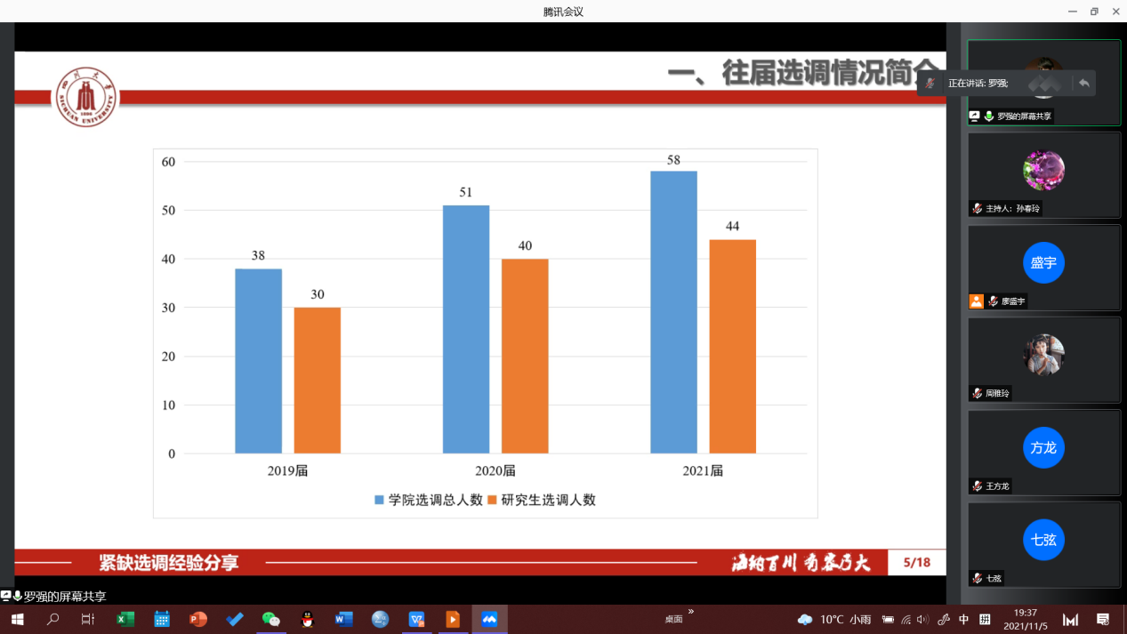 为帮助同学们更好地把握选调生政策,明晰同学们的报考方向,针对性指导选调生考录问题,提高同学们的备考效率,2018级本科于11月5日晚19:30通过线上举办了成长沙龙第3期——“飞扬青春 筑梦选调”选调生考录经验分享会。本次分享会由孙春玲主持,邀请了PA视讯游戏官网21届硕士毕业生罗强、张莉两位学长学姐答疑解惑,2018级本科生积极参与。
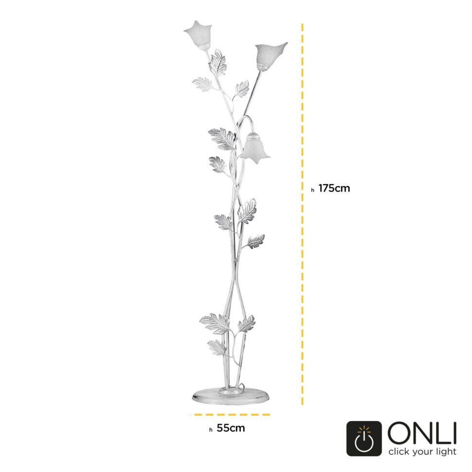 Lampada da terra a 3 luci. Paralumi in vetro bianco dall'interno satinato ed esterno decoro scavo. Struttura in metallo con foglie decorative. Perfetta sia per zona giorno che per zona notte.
_ _ _ _ _
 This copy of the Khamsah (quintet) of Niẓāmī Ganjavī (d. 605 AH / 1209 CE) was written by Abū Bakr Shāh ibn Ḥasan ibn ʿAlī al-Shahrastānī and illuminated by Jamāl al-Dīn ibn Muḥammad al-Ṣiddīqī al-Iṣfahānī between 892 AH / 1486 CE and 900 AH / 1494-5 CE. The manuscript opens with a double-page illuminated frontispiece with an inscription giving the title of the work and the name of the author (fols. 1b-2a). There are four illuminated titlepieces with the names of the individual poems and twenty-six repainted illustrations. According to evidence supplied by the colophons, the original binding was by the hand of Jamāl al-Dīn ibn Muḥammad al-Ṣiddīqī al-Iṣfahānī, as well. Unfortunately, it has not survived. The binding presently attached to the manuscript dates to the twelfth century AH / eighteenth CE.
_ _ _ _ _
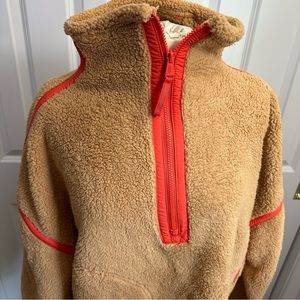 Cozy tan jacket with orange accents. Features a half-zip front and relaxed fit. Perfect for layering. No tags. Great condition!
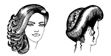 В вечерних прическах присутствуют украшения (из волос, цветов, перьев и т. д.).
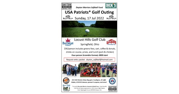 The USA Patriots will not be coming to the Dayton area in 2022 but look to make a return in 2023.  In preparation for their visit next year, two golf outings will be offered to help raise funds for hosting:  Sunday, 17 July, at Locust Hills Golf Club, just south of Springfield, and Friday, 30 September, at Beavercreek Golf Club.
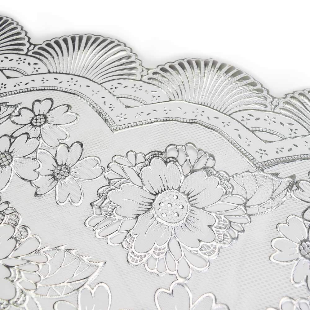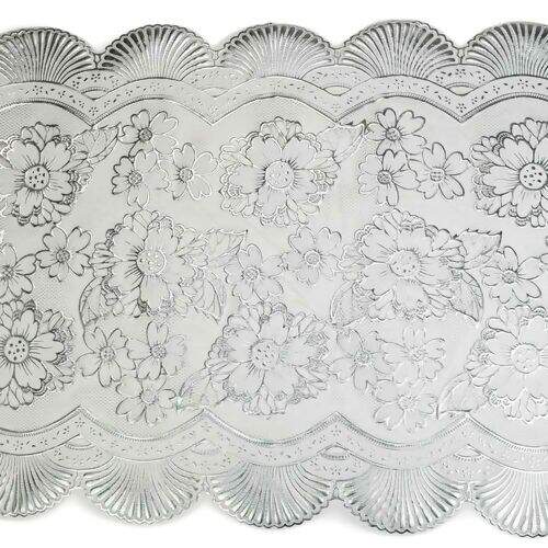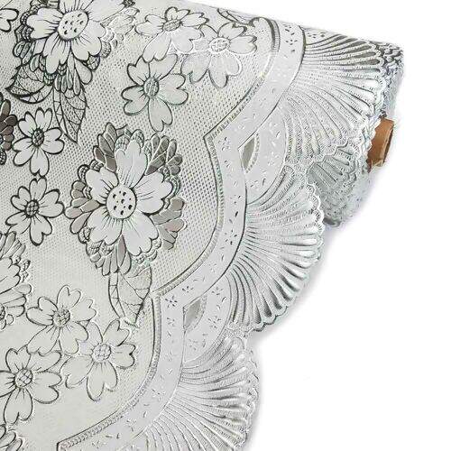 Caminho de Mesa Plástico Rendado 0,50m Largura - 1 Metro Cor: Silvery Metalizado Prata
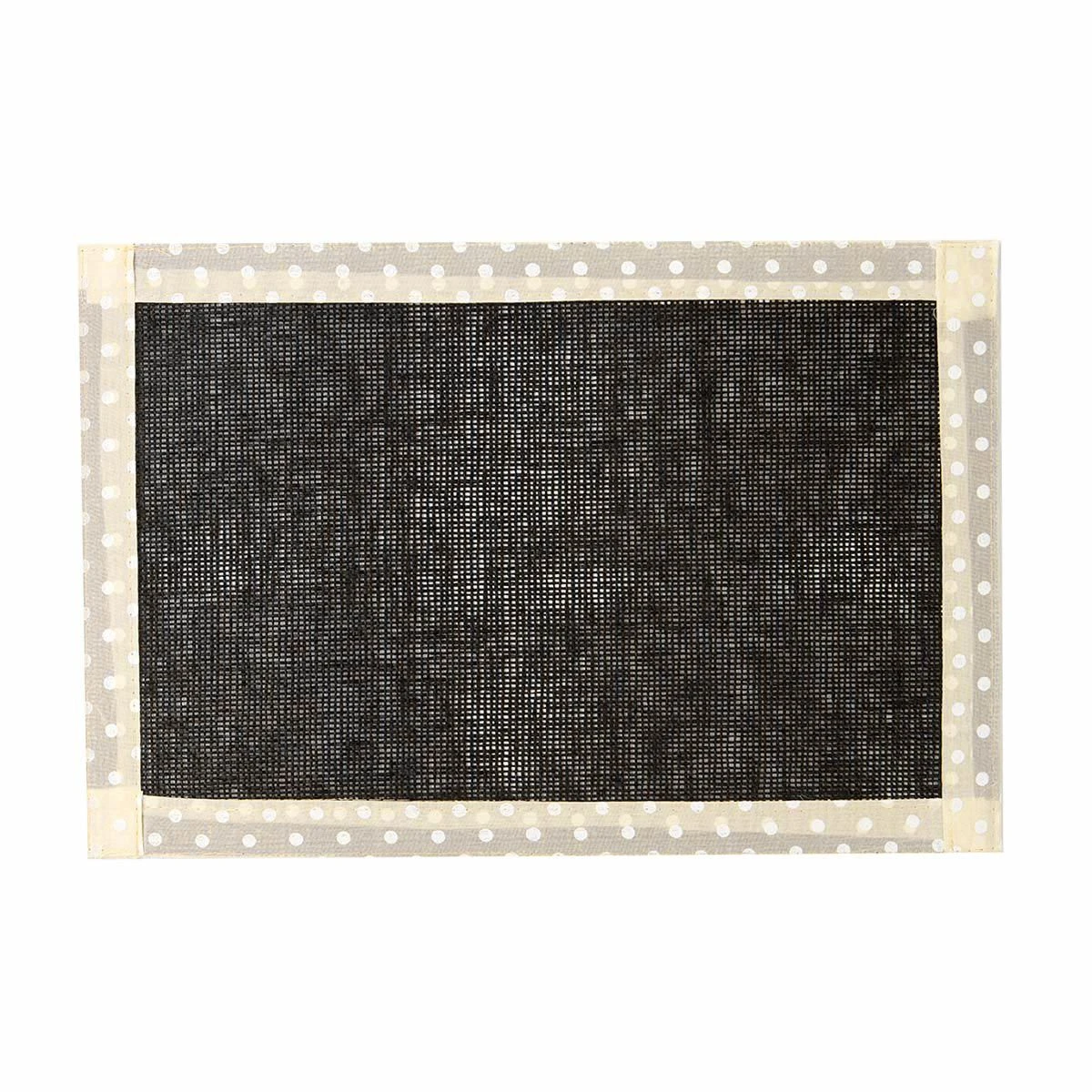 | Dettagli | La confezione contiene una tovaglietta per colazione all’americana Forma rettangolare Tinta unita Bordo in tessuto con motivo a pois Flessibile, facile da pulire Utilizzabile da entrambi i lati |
_ _ _ _ _
**Assignment**
Look above for the line with "В вечерних прическах" and the line with "Caminho de Mesa", then restate exactly those two lines and all lines between them, with no pictures.

**Worked solution**
 В вечерних прическах присутствуют украшения (из волос, цветов, перьев и т. д.).
 The USA Patriots will not be coming to the Dayton area in 2022 but look to make a return in 2023.  In preparation for their visit next year, two golf outings will be offered to help raise funds for hosting:  Sunday, 17 July, at Locust Hills Golf Club, just south of Springfield, and Friday, 30 September, at Beavercreek Golf Club.
 Caminho de Mesa Plástico Rendado 0,50m Largura - 1 Metro Cor: Silvery Metalizado Prata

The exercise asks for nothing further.